Fears about complacency, strategy, and overall political viability are nothing new for Democrats. It may be part of their DNA.

“Democrats are bedwetters historically. There’s like, just full-throated fucking panic,” said Jim Messina, the campaign manager for the Obama reelection campaign. “It is [also] fair to say that Team Biden has been the most underestimated political operation in the country.”

Messina, who says the White House calls him periodically to check on what he’s hearing and what advice he may have, believes that what some Democrats may read as overconfidence is actually just “a very small team of people the president trusts in who are calm and realize they’re going to go through 100 storms between now and November 2024.”
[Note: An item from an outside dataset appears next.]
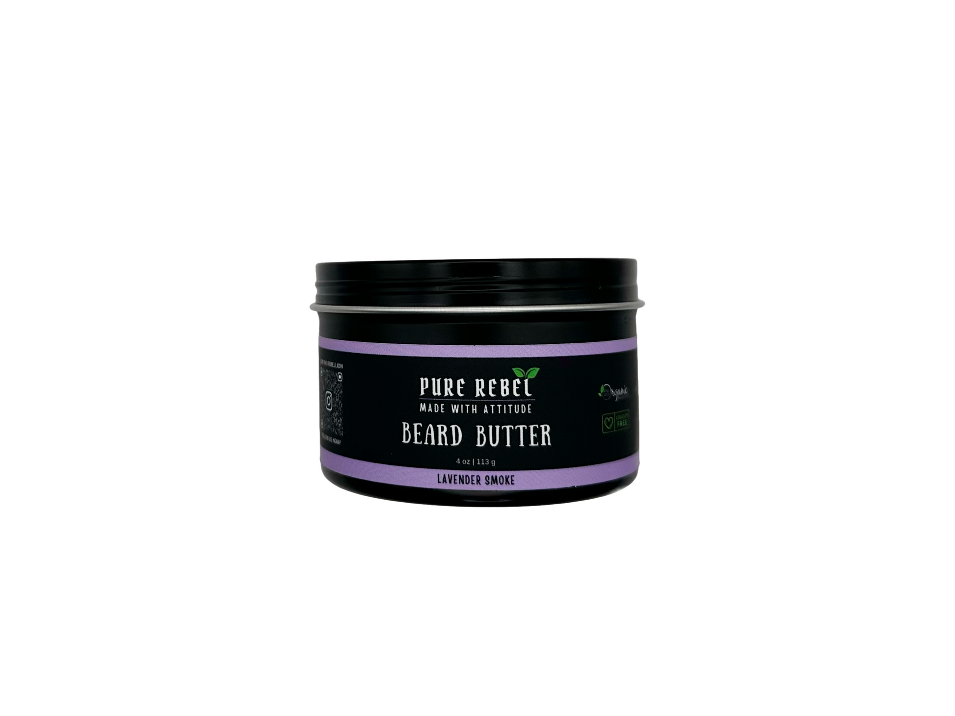 The Pure Rebel Lavender Smoke Beard Butter is crafted with a blend of natural ingredients to deeply nourish and tame facial hair. This luxurious formula combines the calming scent of lavender with the bold, smoky notes of leather, warm vanilla, and earthy cedar, creating a fragrance that embodies rugged sophistication. Infused with natural moisturizers like cocoa butter and beeswax, it softens coarse hairs while providing light hold and style. Perfect for those seeking an alcohol-free, chemical-free, naturally nourishing beard solution that blends rebellion with refinement.

But the current round of internal party agita is unique in how Democrats are perceiving the stakes. Party officials have wrestled with the idea that Trump as the Republican nominee represents both political opportunities and larger threats. There is also an unshakeable fear that Biden is both inherently flawed (due to his age) and irreplaceable atop the ticket.

Four years ago, these calculations and concerns did not exist. Biden rode an anti-Trump sentiment to the White House along with popular anxiety about the state of the economy and the fight against the pandemic.

White House aides believe that even voters who may be lukewarm about now President Biden will still turn out to vote against Trump. But some Democrats feel the dynamics are different now. David Simas, Obama’s White House political director toward the end of his presidency, says that Democrats shouldn’t anticipate that Trump’s presence on the trail and the airwaves makes Biden’s path easier than it was in 2020.

“In 2016 at this stage, 18 months before, [Trump] was trailing Secretary Clinton by double digits. In the polling in 2020, where he was the incumbent, Joe Biden was getting into the race, Trump was trailing by nine or 10 percent. In the polling today, in a Trump vs Biden matchup, what you essentially see is either a tied race or a slight advantage [for] Trump,” Simas said at the Sedona Forum.